When calculating the times for larger file formats, the same principles are used, but remember that memory is not as expensive as it used to be. With a two-level index, it could be considered reasonable to read all 100 of the pointer blocks into memory when they are first needed, and keep them permanently in memory until the file is closed. That would only take 51K of memory, and would only be done when random access is required (not very common), so would be a minimal expense, that would result in the average random access time being halved.

It is even possible to do the same for a three-level index. Even though there could be up to 12,800 pointer blocks, requiring a total of 6.4MB to keep them memory-resident, it is something that would only be done when random access of a giant file is being performed very frequeuntly and needs maximum speed. In such rare cases, the ability to effectively speed up disc accesses by a factor of 3 could easily be worth 6MB of ram.


So we can see that as a general rule, access times get longer as the maximum capacity of a file format gets larger. It is also clear that the efficiency for smaller files is similarly reduced. The smallest possible file using a one level index occupies 2 blocks. The smallest possible with a four level index requires 5 blocks, so a single byte of data on disc could occupy 2560 bytes of disc space. This is why supporting multiple formats is good, and unix's I-node is a reasonable compromise.
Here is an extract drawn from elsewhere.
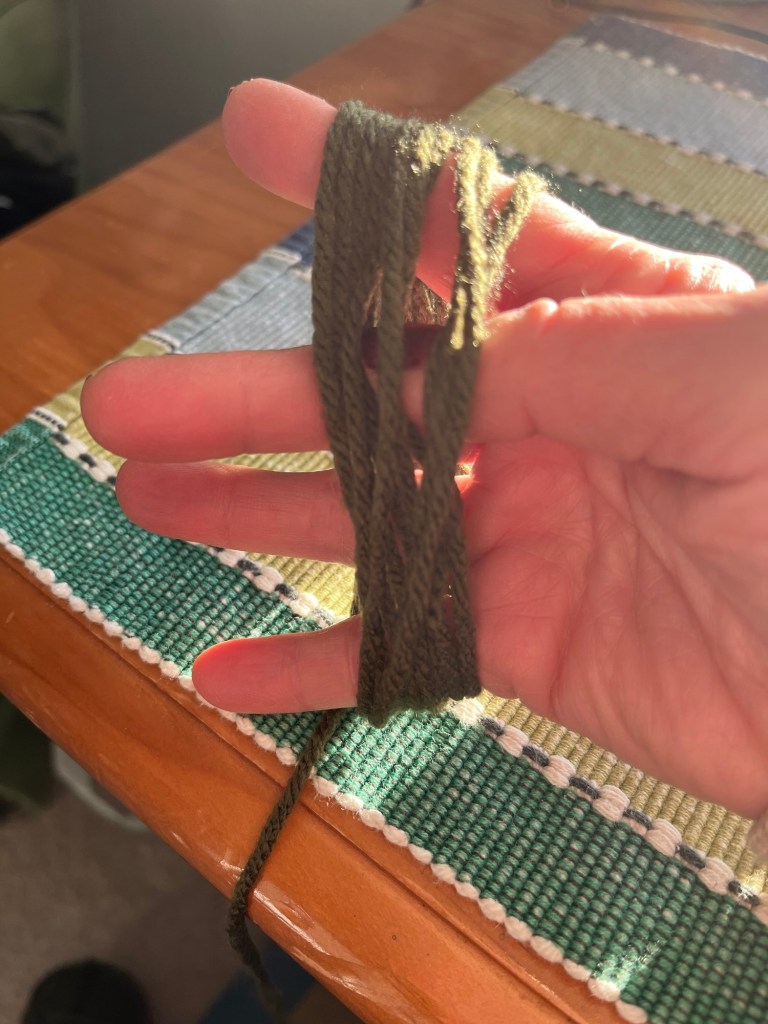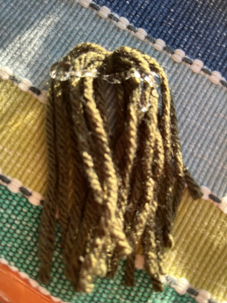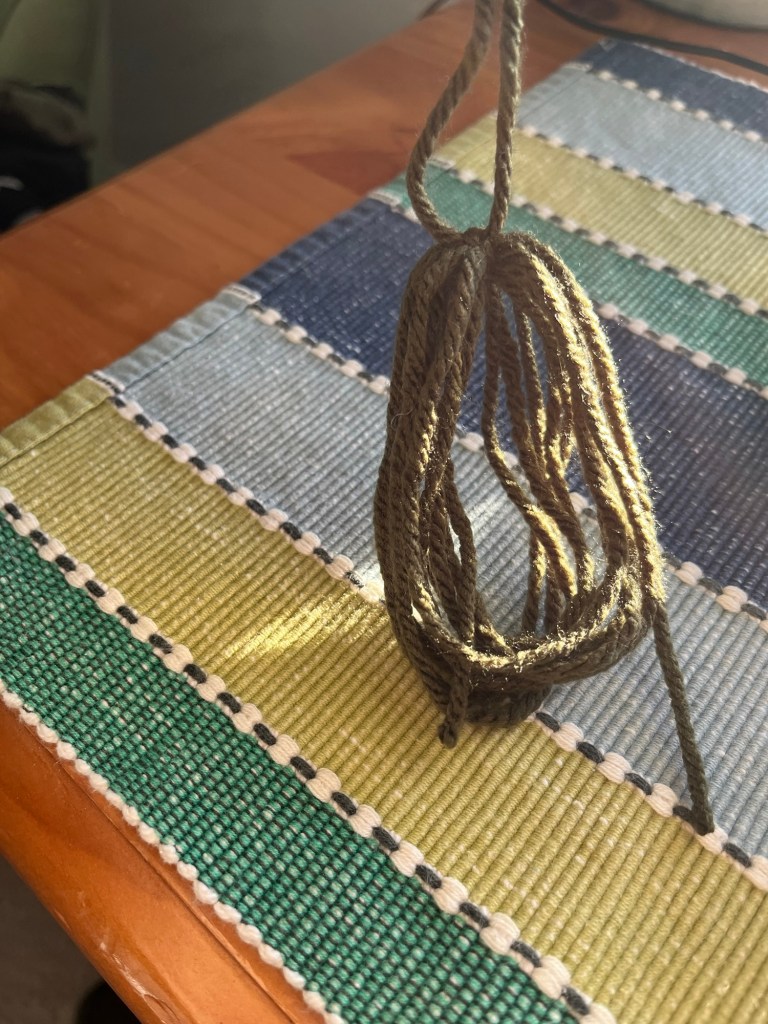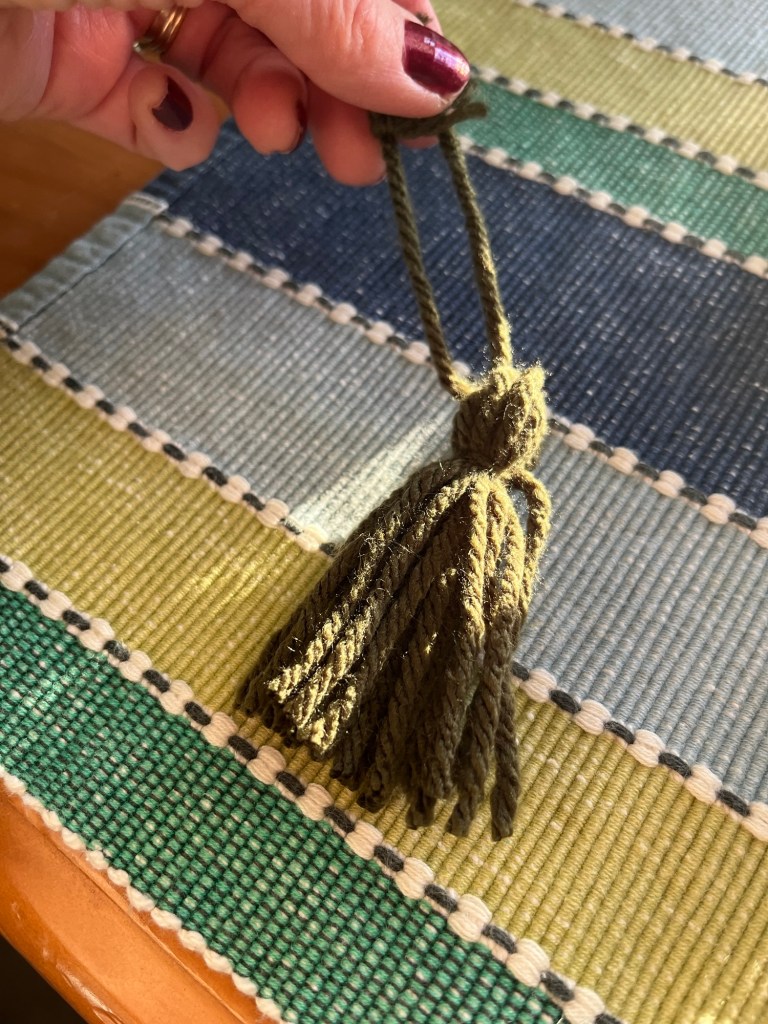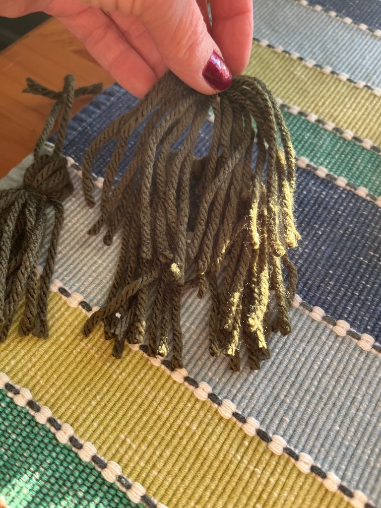 Slip the 8” piece of yarn through the loop and tie in a knot. Take the 8 piece and make a loop for hanging. Tie in a knot. About ½ “ down on the tassel itself, tie another piece of yarn ½” from the top to make the “head” of the tassel. Trim the tassel yarns to 2 ½”.

Using I-nodes, small files behave like single level indexes, it is only when the file size exceeds 12,800 bytes that the second region of pointers needs to be used, and it starts to behave like a two level index: you only pay the penalty in performance when you need increase in capacity.



Note: When calculating capacities and other things, a calculator is hardly ever needed. the number of bytes in a block, 512, is 2 to the power of 9 (2^9). The number of pointers in a pointer block is 2 to the power of 7 (2^7), so the maximum capacity of a four level index file is 100 x 128 x 128 x 128 x 512, or 100 x 2^7 X 2^7 x 2^7 x 2^9, whish is 100 x 2^(7+7+7+9) or 100 x 2^30. Everyone can multiply by 100 easily, and everyone should be able to do two-to-the-power-ofs easily. Just remember that 2^10 is very close to 1,000 so 2^30 is very close to 1,000,000,000. So the capacity of a 4 level index file is very close to 100,000,000,000 bytes, or 100GB, without needing a calculator.